Closed nickrobison closed 8 years ago
try https://github.com/mraad/ShpJob and I've updated the project to CDH5
The project you linked to does work, but only with the hadoop.mapred* api. When I modify the project to use the newer hadoop.mapreduce.* API, I get the concurrent modification exception.
I've opened a pull request on the ShpJob project with my port to the new mapreduce API.
I think I've fixed the issue, the AbstractInputFormat class in the mapreduce package was iterating through a list of input files and modifying the list at the same time.
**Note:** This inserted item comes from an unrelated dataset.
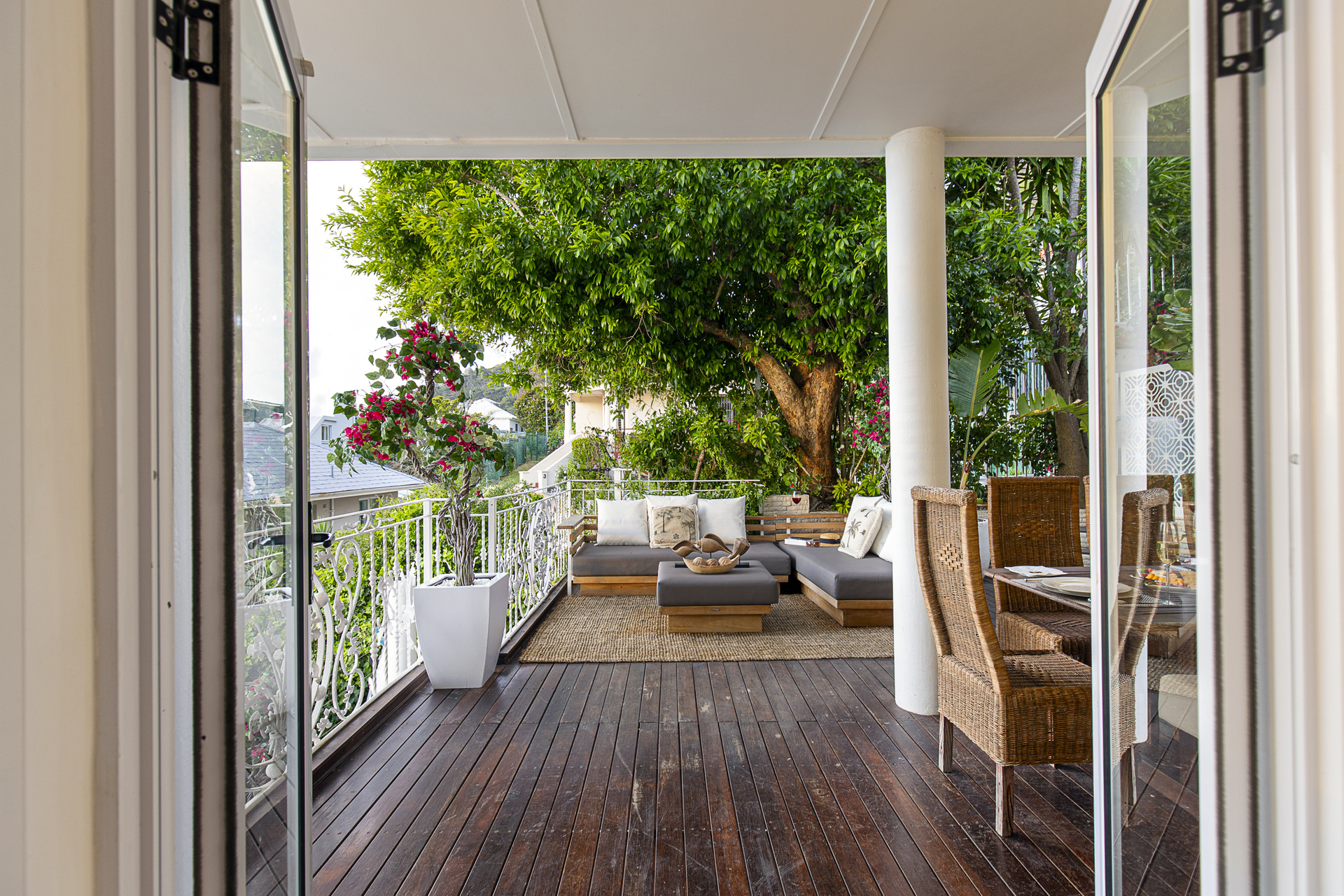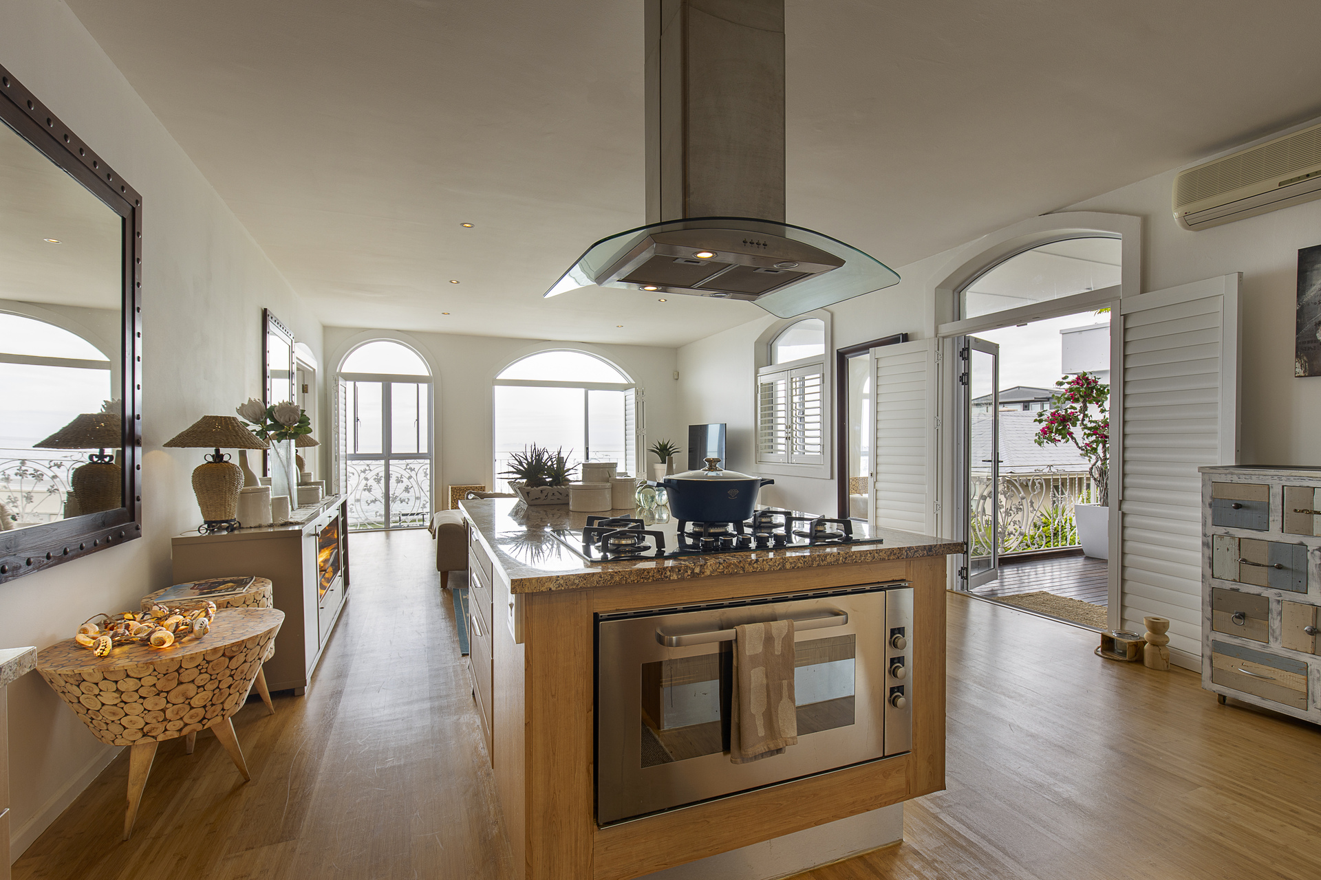 Step into a world of panoramic ocean views from the moment you arrive at this luxurious apartment. The spacious wooden-deck terrace leads you into a beautifully designed space, where indoor and outdoor living blend seamlessly within a charming private garden.
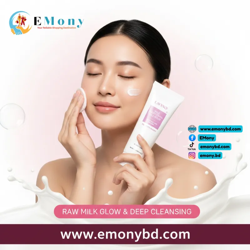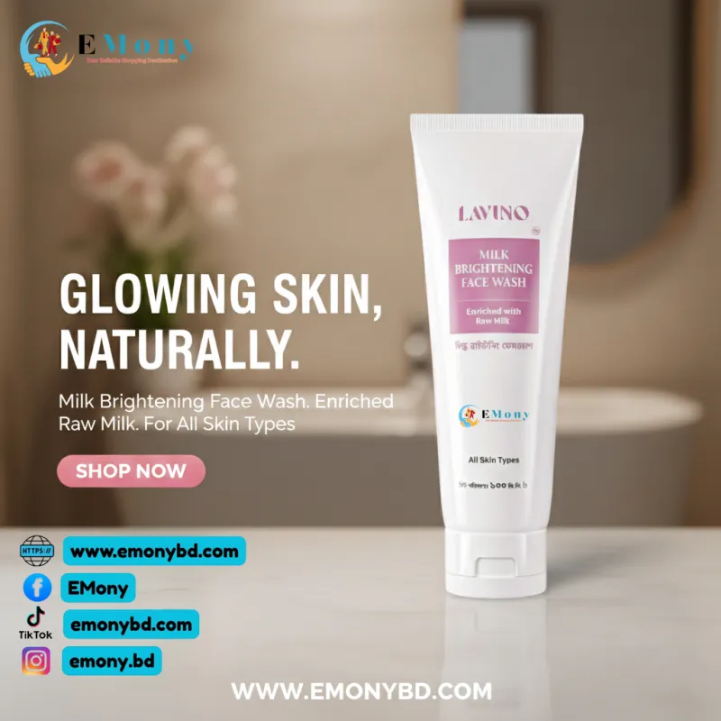 লাভিনো মিল্ক ব্রাইটেনিং ফেস ওয়াশ আপনার নিস্তেজ ও ক্লান্ত ত্বককে মুহূর্তেই সতেজ করে তুলতে কার্যকর। এতে থাকা দুধের নির্যাস (Milk Extract) ত্বককে প্রয়োজনীয় পুষ্টি দেয় এবং প্রাকৃতিকভাবে উজ্জ্বল ও ফর্সা করতে সাহায্য করে। এই ফেস ওয়াশটি ত্বকের স্বাভাবিক আর্দ্রতা না কমিয়েই ধুলোবালি, অতিরিক্ত তেল এবং মেকআপের অবশিষ্টাংশ দূর করে। এর হালকা ফর্মুলা প্রতিদিন ব্যবহারের জন্য উপযোগী এবং এটি ব্যবহারের পর ত্বক শুষ্ক হয় না, বরং অনুভূত হয় অত্যন্ত কোমল ও মসৃণ। সব ধরনের ত্বকের জন্য নিরাপদ এই ফেস ওয়াশটি আপনার স্কিনকেয়ার রুটিনে যোগ করে পান দাগমুক্ত ও প্রাণবন্ত ত্বক।

I've changed the functionality to match the algorithm in the mapred package and opened a pull request #7 .
Updated the code - thanks and tested in ShpJob too !
Awesome! Thanks for the quick response on this.
In trying to run a fairly simple spatial program with Cloudera Hadoop 5.5 (hadoop 2.6.0) on my Macbook Air. I'm getting a ConcurrentModificationException during the job setup phase (e.g. before the Mapper code executes).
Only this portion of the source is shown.